= Task to complete =
Your answer must be the exact lines below, starting with the line with "확장 및 조직 내 전파" and going on through the line with "Estos sitios se", both included, with no pictures.

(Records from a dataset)
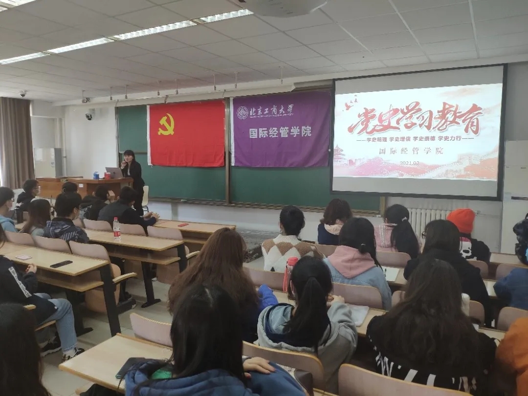 3月,國(guó)際經(jīng)管學(xué)院召開(kāi)本科生黨史學(xué)習(xí)教育動(dòng)員大會(huì),要求全體學(xué)生黨員深入學(xué)習(xí)領(lǐng)會(huì)習(xí)近平總書記在黨史學(xué)習(xí)教育動(dòng)員大會(huì)上的重要講話精神,認(rèn)真完成學(xué)院黨史學(xué)習(xí)教育各項(xiàng)安排,確保黨史學(xué)習(xí)教育取得實(shí)效,從黨史學(xué)習(xí)教育中汲取信仰、智慧和力量,理論結(jié)合實(shí)踐,積極參與到黨史的學(xué)習(xí)實(shí)踐活動(dòng),發(fā)揮黨員的榜樣示范作用,以昂揚(yáng)的姿態(tài)迎接中國(guó)共產(chǎn)黨成立100周年。學(xué)生黨員通過(guò)多種形式開(kāi)展體驗(yàn)式、沉浸式、研討式學(xué)習(xí),集體學(xué)習(xí)“首都百萬(wàn)師生同上一堂黨史課”網(wǎng)絡(luò)公開(kāi)課,感悟共產(chǎn)黨百年不渝的初心使命,堅(jiān)定永遠(yuǎn)跟黨走的決心,建功立業(yè)新時(shí)代。
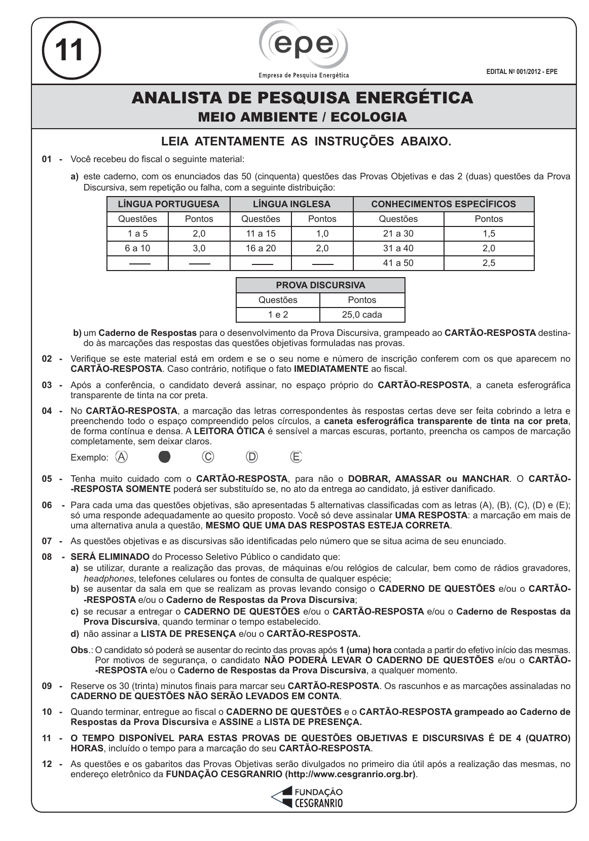 pcimarkpci MDAwMDowMDAwOjAwMDA6MDAwMDowMDAwOmZmZmY6MzZlOTpjMjU5:RnJpLCAxNyBTZXAgMjAyMSAxMTozOToxMiAtMDMwMA== ANALISTA DE PESQUISA ENERGÉTICA MEIO AMBIENTE/ECOLOGIA 1 E P E TÉCNICO(A) AMBIENTAL JÚNIOR 11 EDITAL No 001/2012 - EPE LEIA ATENTAMENTE AS INSTRUÇÕES ABAIXO. 01 - Você recebeu do fiscal o seguinte material: a) este caderno, com os enunciados das 50 (cinquenta) questões das Provas Objetivas e das 2 (duas) questões da Prova Discursiva, sem repetição ou falha, com a seguinte distribuição: LÍNGUA PORTUGUESA LÍNGUA INGLESA CONHECIMENTOS ESPECÍFICOS Questões Pontos Questões Pontos Questões Pontos 1 a 5 2,0 11 a 15 1,0 21 a 30 1,5 6 a 10 3,0 16 a 20 2,0 31 a 40 2,0 41 a 50 2,5 PROVA DISCURSIVA Questões Pontos 1 e 2 25,0 cada b) um Caderno de Respostas para o desenvolvimento da Prova Discursiva, grampeado ao CARTÃO-RESPOSTA destina- do às marcações das respostas das questões objetivas formuladas nas provas. 02 - Verifique se este material está em ordem e se o seu nome e número de inscrição conferem com os que aparecem no CARTÃO-RESPOSTA. Caso contrário, notifique o fato IMEDIATAMENTE ao fiscal. 03 - Após a conferência, o candidato deverá assinar, no espaço próprio do CARTÃO-RESPOSTA, a caneta esferográfica transparente de tinta na cor preta. 04 - No CARTÃO-RESPOSTA, a marcação das letras correspondentes às respostas certas deve ser feita cobrindo a letra e preenchendo todo o espaço compreendido pelos círculos, a caneta esferográfica transparente de tinta na cor preta, de forma contínua e densa. A LEITORA ÓTICA é sensível a marcas escuras, portanto, preencha os campos de marcação completamente, sem deixar claros. Exemplo: 05 - Tenha muito cuidado com o CARTÃO-RESPOSTA, para não o DOBRAR, AMASSAR ou MANCHAR. O CARTÃO- -RESPOSTA SOMENTE poderá ser substituído se, no ato da entrega ao candidato, já estiver danificado. 06 - Para cada uma das questões objetivas, são apresentadas 5 alternativas classificadas com as letras (A), (B), (C), (D) e (E); só uma responde adequadamente ao quesito proposto. Você só deve assinalar UMA RESPOSTA: a marcação em mais de uma alternativa anula a questão, MESMO QUE UMA DAS RESPOSTAS ESTEJA CORRETA. 07 - As questões objetivas e as discursivas são identificadas pelo número que se situa acima de seu enunciado. 08 - SERÁ ELIMINADO do Processo Seletivo Público o candidato que: a) se utilizar, durante a realização das provas, de máquinas e/ou relógios de calcular, bem como de rádios gravadores, headphones, telefones celulares ou fontes de consulta de qualquer espécie; b) se ausentar da sala em que se realizam as provas levando consigo o CADERNO DE QUESTÕES e/ou o CARTÃO- -RESPOSTA e/ou o Caderno de Respostas da Prova Discursiva; c) se recusar a entregar o CADERNO DE QUESTÕES e/ou o CARTÃO-RESPOSTA e/ou o Caderno de Respostas da Prova Discursiva, quando terminar o tempo estabelecido. d) não assinar a LISTA DE PRESENÇA e/ou o CARTÃO-RESPOSTA. Obs.: O candidato só poderá se ausentar do recinto das provas após 1 (uma) hora contada a partir do efetivo início das mesmas. Por motivos de segurança, o candidato NÃO PODERÁ LEVAR O CADERNO DE QUESTÕES e/ou o CARTÃO- -RESPOSTA e/ou o Caderno de Respostas da Prova Discursiva, a qualquer momento. 09 - Reserve os 30 (trinta) minutos finais para marcar seu CARTÃO-RESPOSTA. Os rascunhos e as marcações assinaladas no CADERNO DE QUESTÕES NÃO SERÃO LEVADOS EM CONTA. 10 - Quando terminar, entregue ao fiscal o CADERNO DE QUESTÕES e o CARTÃO-RESPOSTA grampeado ao Caderno de Respostas da Prova Discursiva e ASSINE a LISTA DE PRESENÇA. 11 - O TEMPO DISPONÍVEL PARA ESTAS PROVAS DE QUESTÕES OBJETIVAS E DISCURSIVAS É DE 4 (QUATRO) HORAS, incluído o tempo para a marcação do seu CARTÃO-RESPOSTA. 12 - As questões e os gabaritos das Provas Objetivas serão divulgados no primeiro dia útil após a realização das mesmas, no endereço eletrônico da FUNDAÇÃO CESGRANRIO (http://www.cesgranrio.org.br). ANALISTA DE PESQUISA ENERGÉTICA MEIO AMBIENTE / ECOLOGIA 11 pcimarkpci MDAwMDowMDAwOjAwMDA6MDAwMDowMDAwOmZmZmY6MzZlOTpjMjU5:RnJpLCAxNyBTZXAgMjAyMSAxMTozOToxMiAtMDMwMA== ANALISTA DE PESQUISA ENERGÉTICA MEIO AMBIENTE/ECOLOGIA 2 E P E LÍNGUA PORTUGUESA O setor elétrico e as mudanças climáticas Nosso país tem enorme potencial hidrelétrico, o que nos permite gerar energia elétrica razoavelmen- te ‘limpa’ e barata. Essa fonte responde, atualmente, por cerca de 70% da energia elétrica consumida no país. Entretanto, para que possamos usufruir dessa energia, precisamos transportá-la a longas distâncias — muitas vezes, milhares de quilômetros — por meio de linhas de transmissão aéreas, expostas ao tempo e a seus caprichos. E esses caprichos, segundo es- tudos científicos, tendem a se tornar cada vez mais frequentes em um planeta sujeito a mudanças em um ritmo jamais visto pelos humanos. A experiência brasileira mostra isso. 50% a 70% das falhas ocorridas no passado em linhas de trans- missão brasileiras estavam relacionadas às condi- ções climáticas, mais especificamente, às chamadas tempestades severas, caracterizadas por condições extremas de vento, raios ou precipitação. Com o aquecimento global, o desmatamento e alguns fenô- menos atmosféricos, esse número tende a aumentar nas próximas décadas. Combinados ou de forma isolada, esses fenôme- nos são capazes de interromper o fluxo de energia ao longo das linhas e interferir, de maneira significa- tiva, no sistema elétrico. Se as alterações do clima podem causar problemas na transmissão de energia, na distribuição a situação não é diferente. 99% da distribuição de energia elétrica no Brasil é aérea e concentra-se em grandes áreas urbanas, onde vive a maioria dos consumidores. Nessas áreas, as edi- ficações, a substituição de vegetação por asfalto, a poluição dos automóveis e das fábricas causam alte- rações atmosféricas que favorecem a
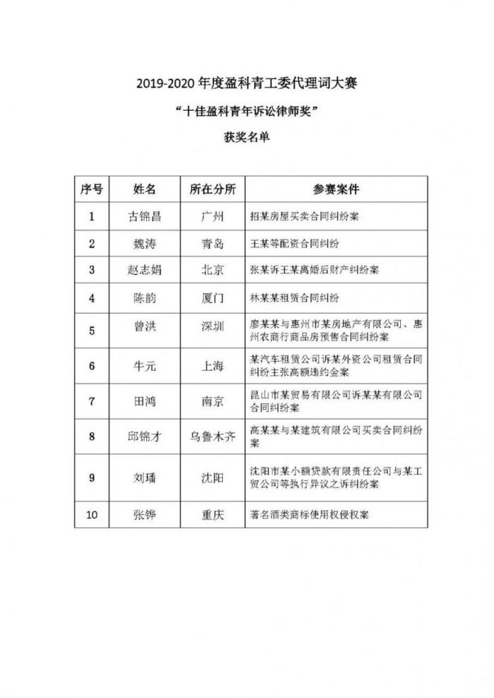 盈科福州律所五位律師上榜!”2019–2020年度盈科全國青工委代理詞大賽”獲獎名單新鮮出爐啦! 福州律師資訊發布者 福州律師網2020年7月24日青年興,盈科興!為深入學習貫徹習近平總書記對律師工作的重要指示精神,提升盈科全國青年律師業務技能水平、鍛煉思辨能力,盈科詳情
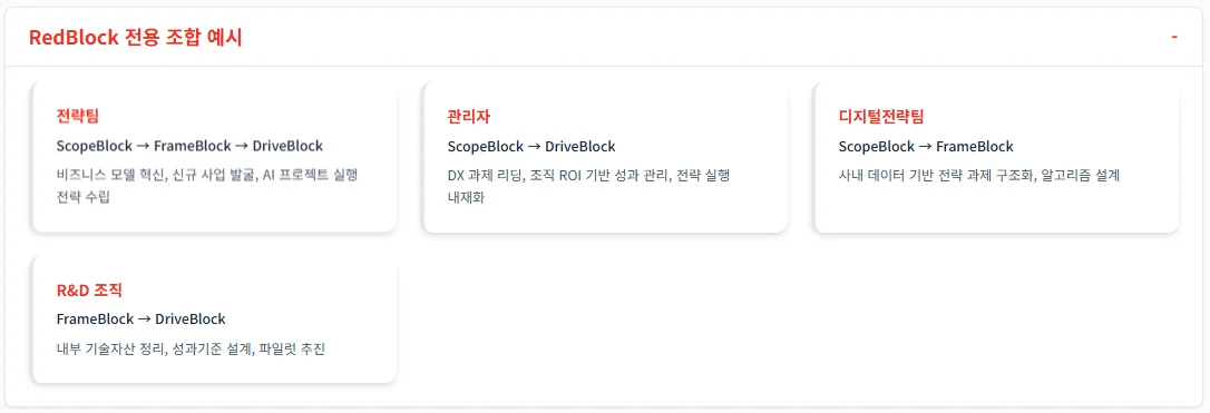 → 개인/팀이 AI에 익숙해지고, 간단한 자동화 과제를 직접 해결RedBlock으로 전략 확장 및 조직 내 전파
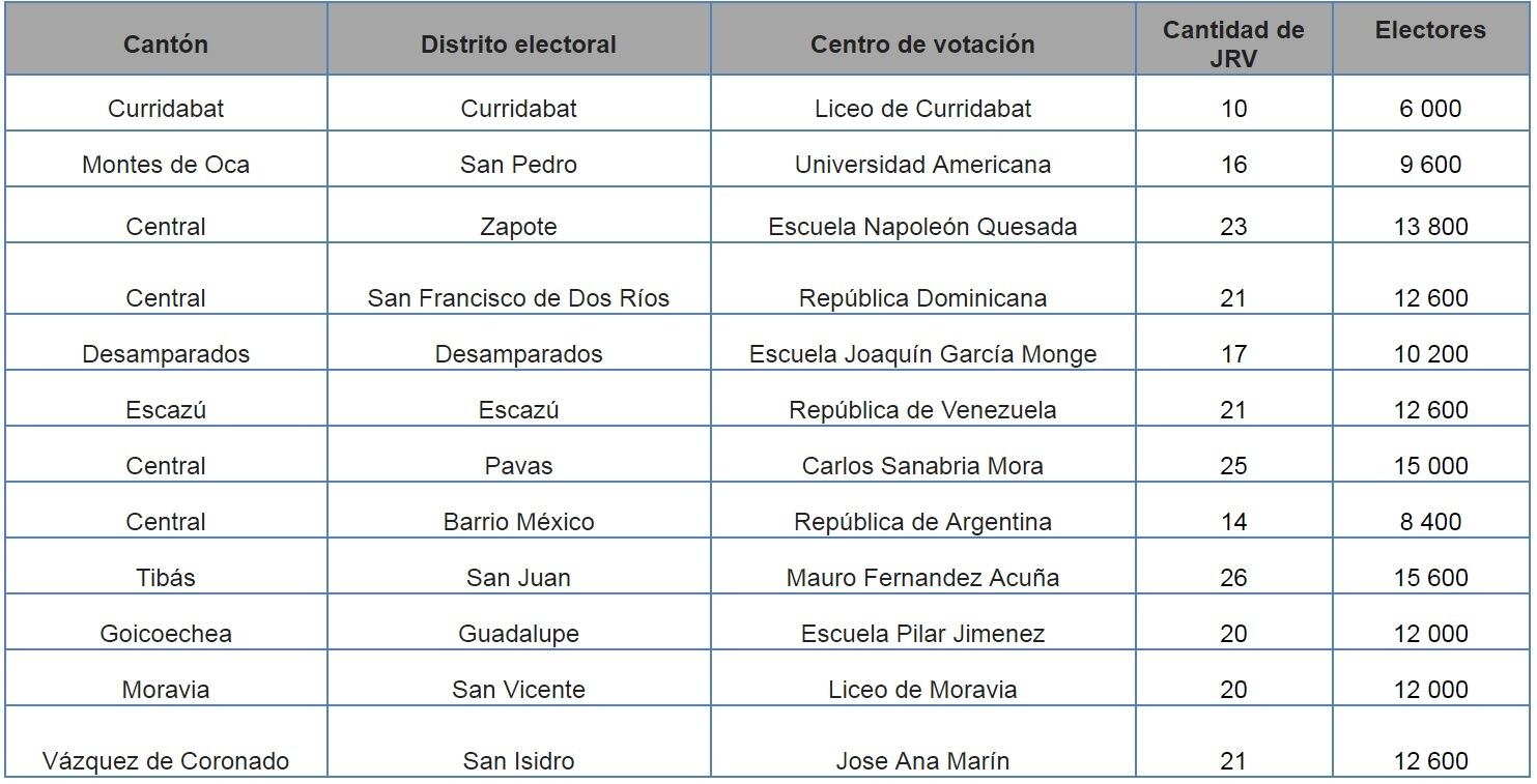 Estos sitios se eligieron como modelo tomando en cuenta la cantidad de juntas receptoras de votos, el nivel de participación en el proceso electoral 2016, la seguridad de los centros y la afluencia de ciclistas en el cantón.
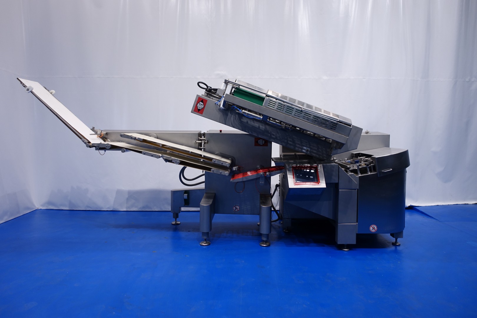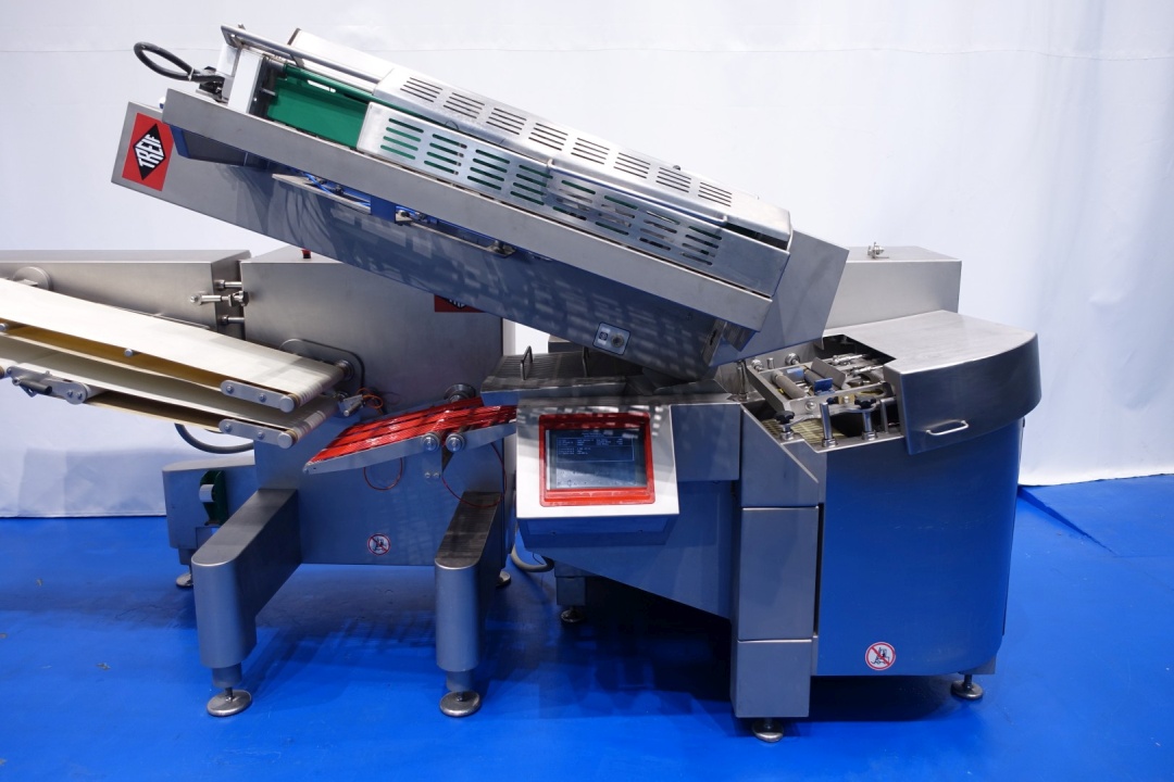 Cheese Slicer with automatic loading for all types of (semi) hard cheeses but also meat. The machine can be used in different ways stand alone or in production lines. Capacity up to 3200 cuts / min, slicing thickness range – 0.5 – 25 mm, chamber cross-section – 280 x 160 mm, length of the cut product (max.) – 1200 mm, height after unfolding – 2900, max. cut-off length (mm) 0.5–25, max. stacking height (mm) 100, touchscreen, up to 200 storable cutting programs, cutting statistics, automatic loading, rotatable loading chamber, infeed rollers for optimum guidance of long products. Sorting line with tray feeder for directly transporting products to the packaging machine. Total dimensions (2 parts): 530x180x215 (lxwxh) cm - total weight: 1.978 kg.
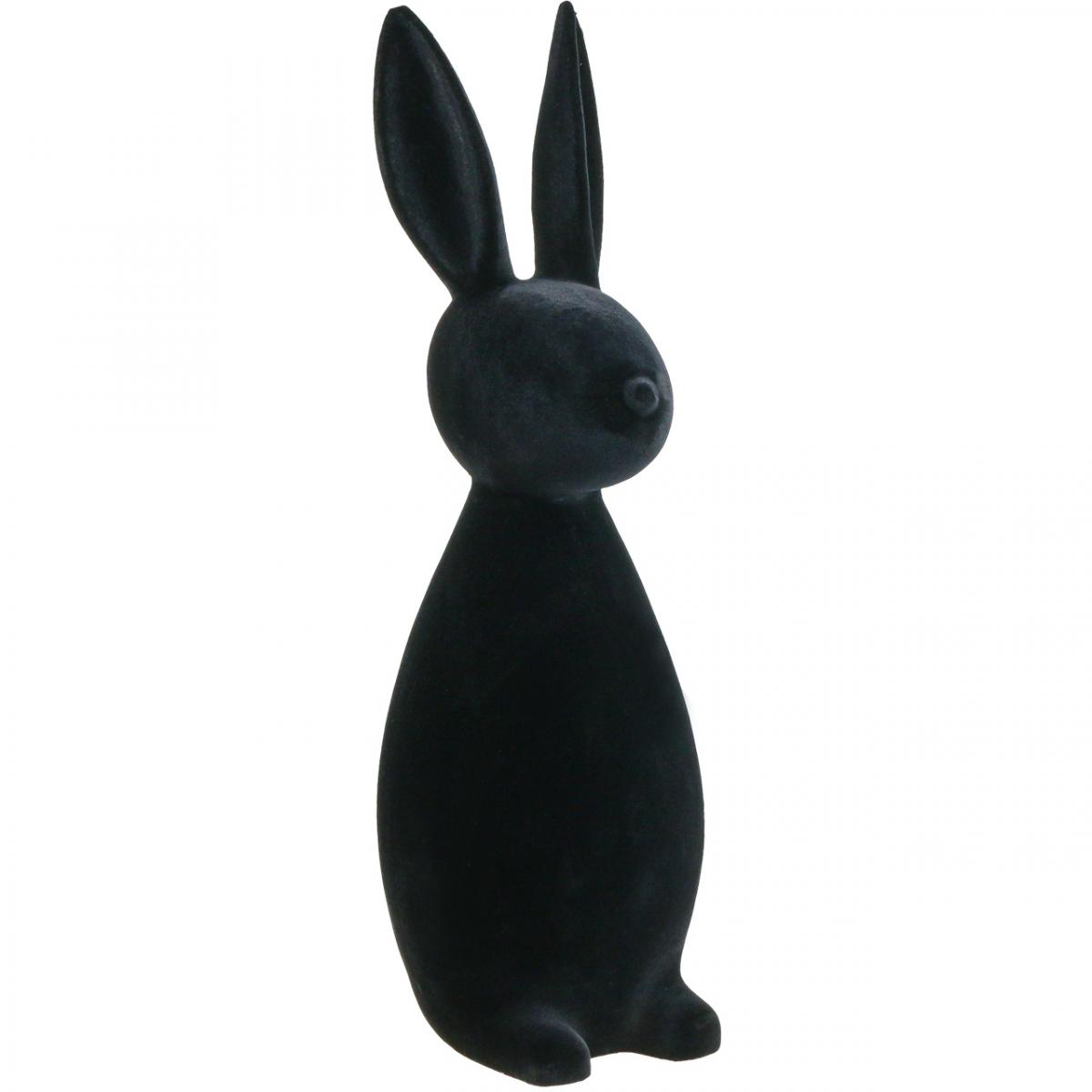 Mäkká čierna umelá kožušina a jednoduchý, no moderný dizajn dodávajú králikovi obzvlášť elegantný vzhľad. Vynikajú detaily ako dlhé králičie uši, malý nos, labky a chvost.

= Response to this task =
 → 개인/팀이 AI에 익숙해지고, 간단한 자동화 과제를 직접 해결RedBlock으로 전략 확장 및 조직 내 전파
 Estos sitios se eligieron como modelo tomando en cuenta la cantidad de juntas receptoras de votos, el nivel de participación en el proceso electoral 2016, la seguridad de los centros y la afluencia de ciclistas en el cantón.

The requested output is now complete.